Enquanto eu estava no grupinho religioso, ouvi uma parte da bíblia, que comentavam naquele momento. Falava sobre Jesus e sua ida ao deserto com o Espírito-Santo. Ela me chamou a atenção. Fiquei pensando em como seria se eu encontrasse com Deus, e este me levasse para conversar num deserto. Foi pensando nisto que escrevi o diálogo abaixo.
“Deus – Bem vindo! – com voz celestial.
Eu – Quem é você?
D – Eu sou Deus, amado filho.
Eu – Sério?! Nossa, eu tenho que parar de beber na segunda. Já esta afetando os meus neurônios. Mas, sério mesmo, você é Deus?
D – Sou sim. Por que duvidas tanto? Há, tá. Não precisa nem responder. Sei muito bem de seu ceticismo. Não só vi, como ouvi muitas coisas ruins que disse ao meu respeito. Bonito, heim?! – repreendendo.
Eu – Eu não acredito. Oh, aquela fala que disse á um mês foi puramente sacana. Eu não sabia que você esta ouvindo. Sabe como é. Meu namorado adora quando digo vulgaridades na cama – no mesmo tom que uma criança se desculpa por uma to feio, só que numa velocidade mais alta.
D – O quê? O que é que você está dizendo? – sem compreender nada.
Eu – Nada, nada – disfarçando – Continue.
D – Bem, continuando. O que é que eu dizia? É. Eu ouvi tudo o que disse na vida inteira.
Eu – Sei – bem baixinho.
D – Hurg – tossindo – E foi por cansar de te escutar, que resolvi te chamar aqui para conversarmos.
Eu – O quê? Quer disser que eu morri? – num tom triste.
D – Não. Você, por acaso, ouviu o que eu disse? – tom raivoso.
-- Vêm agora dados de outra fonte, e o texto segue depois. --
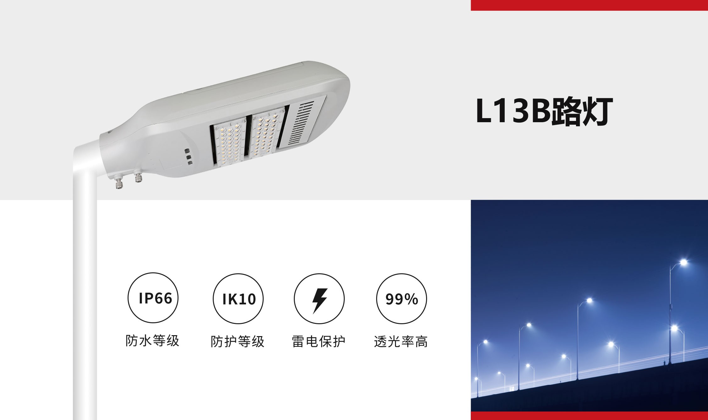 L13B路灯采用精准的二次光学配光设计,多种配光方案可选,且支持定制化配光设计;L13B采用高效率恒流驱动,节能60%,此外,采用模块化结构设计,易于组装、安装和升级维护,可有效降低管理成本。

Eu – Sim – mentindo – Algo com chamar aqui e conversar, além de estar cansado de mim – disfarçando saber sobre o assunto.
D – Sim, mais ou menos – sem saber responder – Bem, sei que tem uma pergunta para me fazer. Dar-te-ei a liberdade de fazê-la.
Eu – Desde quando eu possuo apenas uma pergunta? – tom irônico – Á esta hora já devia saber muito bem que eu gosto de coisas que vem em mais que dupla.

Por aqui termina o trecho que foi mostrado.